### SUPPLIED MATERIAL
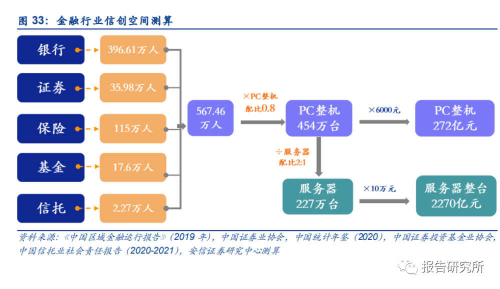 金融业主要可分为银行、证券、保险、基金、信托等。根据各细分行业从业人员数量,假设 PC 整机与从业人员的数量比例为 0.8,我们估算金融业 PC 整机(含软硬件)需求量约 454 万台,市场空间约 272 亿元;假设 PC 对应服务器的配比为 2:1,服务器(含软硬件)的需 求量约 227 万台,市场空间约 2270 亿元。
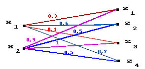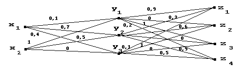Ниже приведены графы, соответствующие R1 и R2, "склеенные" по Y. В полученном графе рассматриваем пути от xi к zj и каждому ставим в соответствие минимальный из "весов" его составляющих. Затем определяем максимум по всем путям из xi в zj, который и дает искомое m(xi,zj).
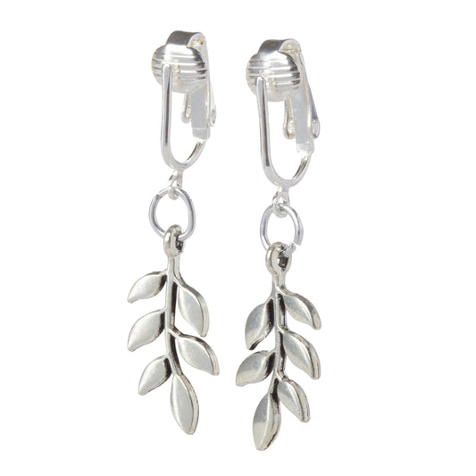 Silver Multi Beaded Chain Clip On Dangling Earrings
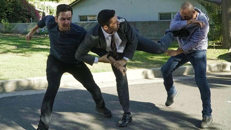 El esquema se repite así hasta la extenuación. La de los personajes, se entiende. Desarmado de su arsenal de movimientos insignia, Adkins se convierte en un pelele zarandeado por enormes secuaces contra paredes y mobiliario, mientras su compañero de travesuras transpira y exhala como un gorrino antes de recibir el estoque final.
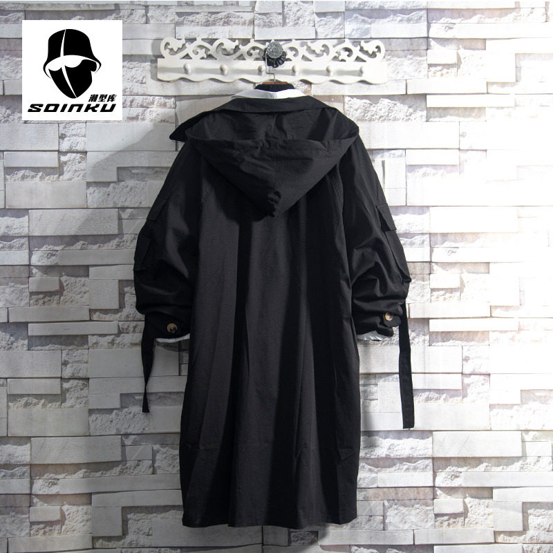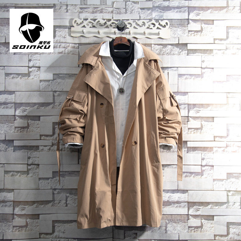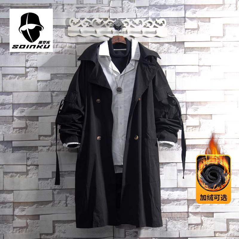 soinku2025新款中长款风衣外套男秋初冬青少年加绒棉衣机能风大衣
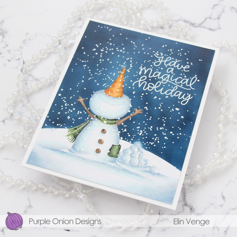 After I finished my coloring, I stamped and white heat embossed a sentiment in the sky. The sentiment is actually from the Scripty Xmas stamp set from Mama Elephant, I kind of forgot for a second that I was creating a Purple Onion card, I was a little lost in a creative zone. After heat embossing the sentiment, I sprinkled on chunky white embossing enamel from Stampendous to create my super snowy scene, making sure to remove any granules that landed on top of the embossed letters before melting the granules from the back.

### EXERCISE REQUIREMENTS
Repeat the records in full, precisely, and keep the pictures out.

### RESULT FOR THIS EXERCISE
 金融业主要可分为银行、证券、保险、基金、信托等。根据各细分行业从业人员数量,假设 PC 整机与从业人员的数量比例为 0.8,我们估算金融业 PC 整机(含软硬件)需求量约 454 万台,市场空间约 272 亿元;假设 PC 对应服务器的配比为 2:1,服务器(含软硬件)的需 求量约 227 万台,市场空间约 2270 亿元。
Ниже приведены графы, соответствующие R1 и R2, "склеенные" по Y. В полученном графе рассматриваем пути от xi к zj и каждому ставим в соответствие минимальный из "весов" его составляющих. Затем определяем максимум по всем путям из xi в zj, который и дает искомое m(xi,zj).
 Silver Multi Beaded Chain Clip On Dangling Earrings
 El esquema se repite así hasta la extenuación. La de los personajes, se entiende. Desarmado de su arsenal de movimientos insignia, Adkins se convierte en un pelele zarandeado por enormes secuaces contra paredes y mobiliario, mientras su compañero de travesuras transpira y exhala como un gorrino antes de recibir el estoque final.
 soinku2025新款中长款风衣外套男秋初冬青少年加绒棉衣机能风大衣
 After I finished my coloring, I stamped and white heat embossed a sentiment in the sky. The sentiment is actually from the Scripty Xmas stamp set from Mama Elephant, I kind of forgot for a second that I was creating a Purple Onion card, I was a little lost in a creative zone. After heat embossing the sentiment, I sprinkled on chunky white embossing enamel from Stampendous to create my super snowy scene, making sure to remove any granules that landed on top of the embossed letters before melting the granules from the back.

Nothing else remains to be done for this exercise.